Communities exist in all sorts of shapes and sizes, from small groups who come together at local village halls for chess clubs through to huge communities of sports fans who follow their teams from all over the world. There are also communities who come together with the aim of collecting, maintaining and sharing data, which we call data communities.
There are well known examples, like Wikipedia and OpenStreetMap, which have hundreds of thousands of contributors from around the world. For reference, the English language Wikipedia is home to nearly seven million articles, with edits being made at a rate of 2 edits per second. In 2023 there were nearly a million active editors on Wikipedia.

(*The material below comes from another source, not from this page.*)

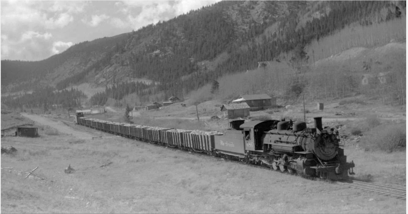
Freight, Eastbound; 13 cars. Photographed: below Monarch, Colo., October 11, 1942.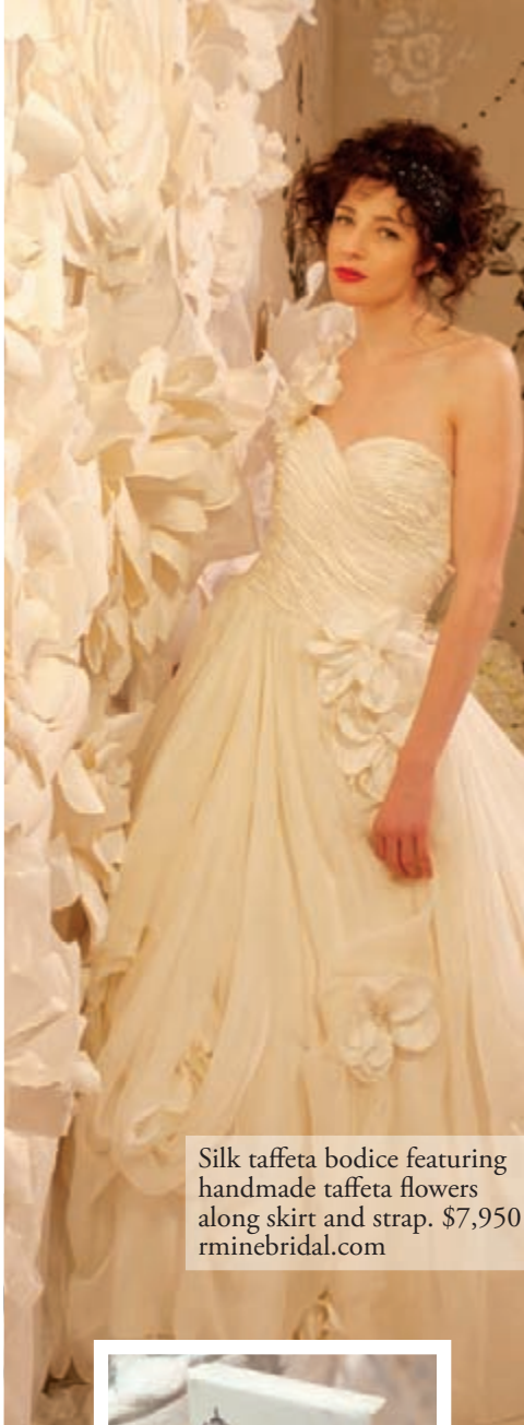
Silk taffeta bodice featuring handmade taffeta flowers along skirt and strap. $7,950 rminebridal.com

There are also smaller, more localised examples of data communities, which are focused on local issues. For example, CocoZap, supported by DataLabe in Brazil, enables communities to map out sanitation (or lack thereof) in their favelas, which creates datasets that they can use to campaign for improvements. And Dakshin, based in India, is a community of local fishers who collect data about their expertise on the ocean where they fish, such that they have a seat at the table to discuss their lived realities, and advocate for their communities. There are also examples like the Toilet Map, which is a crowdsourced list of all of the publicly accessible toilets in London, while Habitat Map supports communities to measure air quality in their local area.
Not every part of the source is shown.